→ **Problem description**:
All the lines below need retyping exactly, apart from the images.

→ **Source data**:
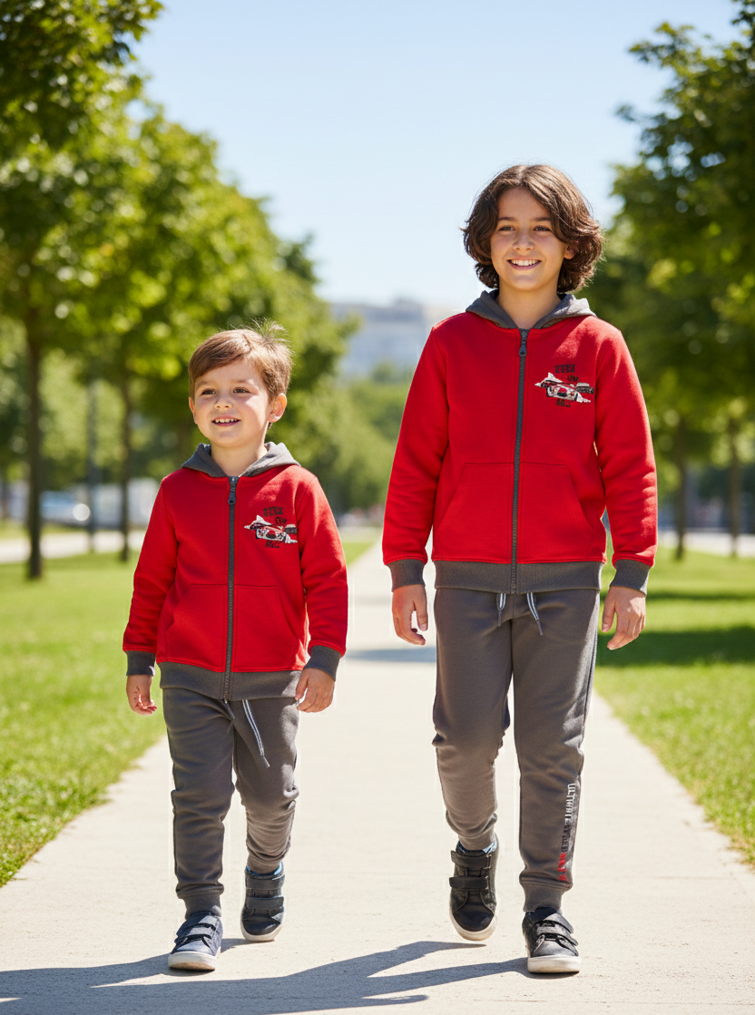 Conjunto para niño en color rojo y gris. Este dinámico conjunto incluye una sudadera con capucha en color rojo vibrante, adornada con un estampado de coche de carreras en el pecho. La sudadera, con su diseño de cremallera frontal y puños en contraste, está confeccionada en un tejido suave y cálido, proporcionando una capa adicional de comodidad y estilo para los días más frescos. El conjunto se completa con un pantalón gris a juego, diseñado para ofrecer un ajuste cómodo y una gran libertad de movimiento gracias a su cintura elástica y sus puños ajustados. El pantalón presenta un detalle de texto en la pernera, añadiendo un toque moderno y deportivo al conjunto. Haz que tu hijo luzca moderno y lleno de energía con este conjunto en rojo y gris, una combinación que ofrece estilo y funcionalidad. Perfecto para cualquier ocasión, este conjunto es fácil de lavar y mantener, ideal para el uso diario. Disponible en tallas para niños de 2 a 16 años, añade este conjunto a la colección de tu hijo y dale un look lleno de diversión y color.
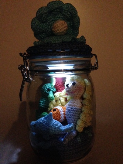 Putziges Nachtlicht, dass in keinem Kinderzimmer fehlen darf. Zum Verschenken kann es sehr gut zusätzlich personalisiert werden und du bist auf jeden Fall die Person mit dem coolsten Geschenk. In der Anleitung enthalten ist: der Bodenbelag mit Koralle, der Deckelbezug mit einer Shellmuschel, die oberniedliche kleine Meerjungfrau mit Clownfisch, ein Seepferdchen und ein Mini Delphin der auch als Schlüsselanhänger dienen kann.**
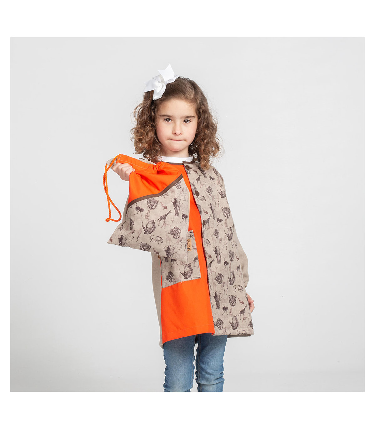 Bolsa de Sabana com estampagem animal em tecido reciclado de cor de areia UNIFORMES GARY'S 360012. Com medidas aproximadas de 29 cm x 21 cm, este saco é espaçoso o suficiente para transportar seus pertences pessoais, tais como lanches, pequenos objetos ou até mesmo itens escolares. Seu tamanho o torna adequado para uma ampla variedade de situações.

→ **Answer area**:
 Conjunto para niño en color rojo y gris. Este dinámico conjunto incluye una sudadera con capucha en color rojo vibrante, adornada con un estampado de coche de carreras en el pecho. La sudadera, con su diseño de cremallera frontal y puños en contraste, está confeccionada en un tejido suave y cálido, proporcionando una capa adicional de comodidad y estilo para los días más frescos. El conjunto se completa con un pantalón gris a juego, diseñado para ofrecer un ajuste cómodo y una gran libertad de movimiento gracias a su cintura elástica y sus puños ajustados. El pantalón presenta un detalle de texto en la pernera, añadiendo un toque moderno y deportivo al conjunto. Haz que tu hijo luzca moderno y lleno de energía con este conjunto en rojo y gris, una combinación que ofrece estilo y funcionalidad. Perfecto para cualquier ocasión, este conjunto es fácil de lavar y mantener, ideal para el uso diario. Disponible en tallas para niños de 2 a 16 años, añade este conjunto a la colección de tu hijo y dale un look lleno de diversión y color.
 Putziges Nachtlicht, dass in keinem Kinderzimmer fehlen darf. Zum Verschenken kann es sehr gut zusätzlich personalisiert werden und du bist auf jeden Fall die Person mit dem coolsten Geschenk. In der Anleitung enthalten ist: der Bodenbelag mit Koralle, der Deckelbezug mit einer Shellmuschel, die oberniedliche kleine Meerjungfrau mit Clownfisch, ein Seepferdchen und ein Mini Delphin der auch als Schlüsselanhänger dienen kann.**
 Bolsa de Sabana com estampagem animal em tecido reciclado de cor de areia UNIFORMES GARY'S 360012. Com medidas aproximadas de 29 cm x 21 cm, este saco é espaçoso o suficiente para transportar seus pertences pessoais, tais como lanches, pequenos objetos ou até mesmo itens escolares. Seu tamanho o torna adequado para uma ampla variedade de situações.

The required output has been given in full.